Add GPT Realtime Whisper for transcription logging. GPT Realtime Whisper is the third model in this release — streaming speech-to-text that transcribes as the speaker talks. Running it alongside GPT Realtime 2 gives you a transcript of every session, which is essential for debugging and compliance. They’re separate API calls, but you can pipe the same audio stream to both.

Implement GPT Realtime Translate for multilingual support. GPT Realtime Translate handles live translation from 70+ input languages to 13 output languages while maintaining speaker pace. The interesting implementation detail: it waits for the verb (the keyword that completes the sentence’s meaning) before starting translation, which produces near-simultaneous interpretation that feels like natural dialogue rather than lagged dubbing. If your voice agent serves a multilingual user base, this is worth evaluating as a layer on top of your GPT Realtime 2 session.

Build a memory layer. Voice agents that don’t remember context across sessions feel broken. The patterns for building a self-evolving memory system with Obsidian and hooks translate directly to voice agent memory — capture session transcripts, extract key facts, inject them into the next session’s system prompt.

Connect to your actual business tools. The CRM demo from OpenAI’s presentation — where the model retrieved “Sablerest launched warehouse automation this morning. Expansion is active. Security review is the blocker.” — is only useful if your tool definitions actually connect to your CRM. MindStudio offers a practical path here: it’s an enterprise AI platform with 200+ models, 1,000+ pre-built integrations, and a visual builder for orchestrating agents and workflows, which means you can wire up CRM, calendar, and ticketing tools without writing the integration layer yourself.

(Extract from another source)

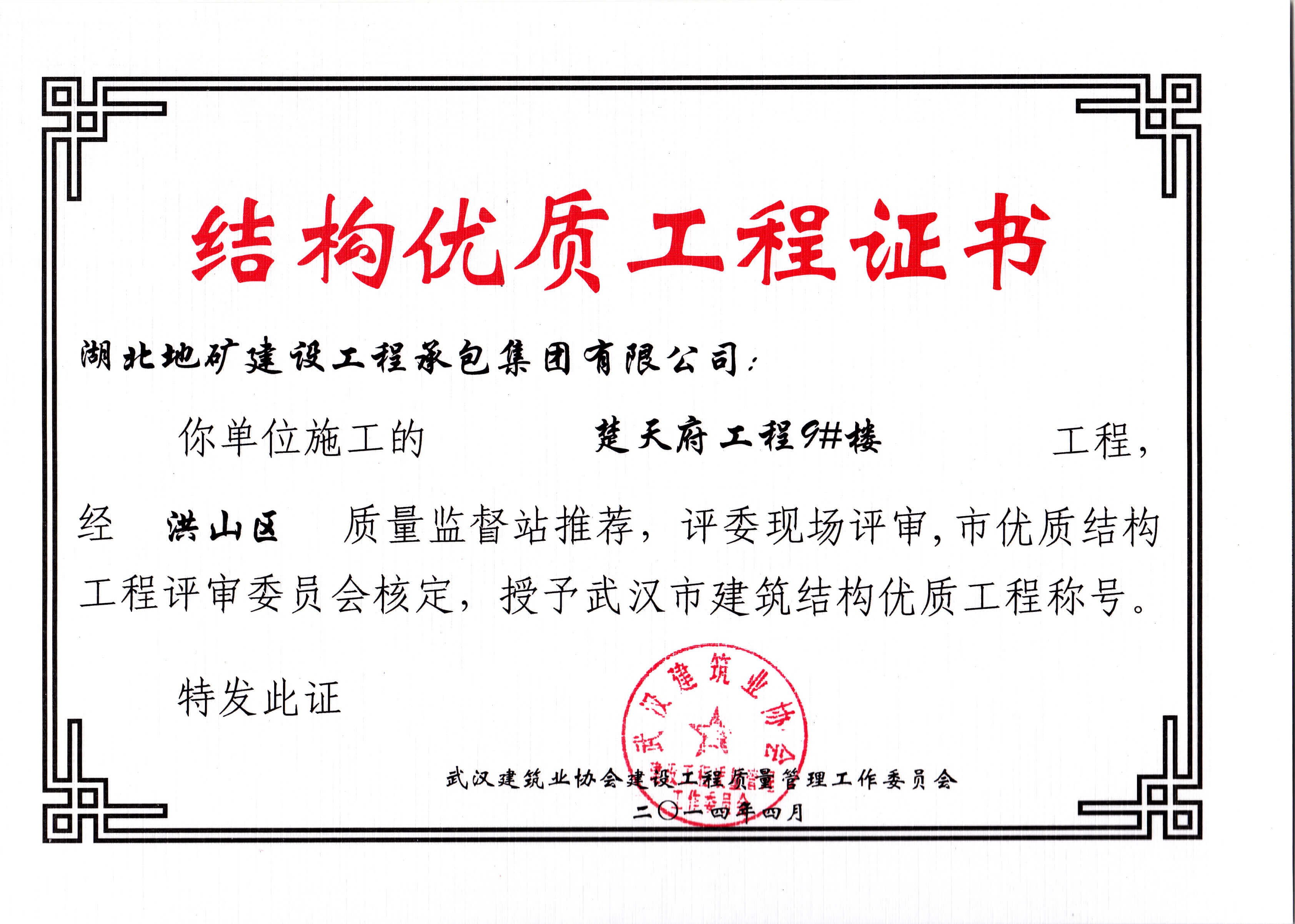 承包公司楚天府9#樓武漢市建筑結(jié)構(gòu)優(yōu)質(zhì)工程

Consider what happens when the voice agent needs a full application around it. A voice interface is rarely the whole product — you usually need a dashboard, session history, user management, and a backend to store tool results. Remy takes a different approach to that problem: you write a spec in annotated markdown and it compiles the full-stack application from it — TypeScript backend, database, auth, and deployment included. The spec is the source of truth; the code is derived output. Worth knowing about when the voice agent prototype needs to become a product.

Tune your turn detection for your specific use case. The defaults work for general conversation. If your users are domain experts who use long technical terms or pause frequently while thinking, you’ll want to adjust silence_duration_ms upward and possibly lower the VAD threshold to be more sensitive to quieter speech. There’s no substitute for testing with real users in real conditions. For teams building more complex automation on top of voice — where the agent needs to take browser-based actions in response to what it hears — browser automation with Playwright is worth reading alongside this guide.

Sam Altman’s framing for why this matters: “People are really starting to use voice to interact with AI, especially when they have a lot of context to dump.” The preamble technique is what makes that context dump feel like a conversation rather than a form submission. Get that right and the rest of the implementation is plumbing.

The playground at platform.openai.com/audio/realtime is the fastest way to validate your system prompt before you write a line of WebSocket code. Start there.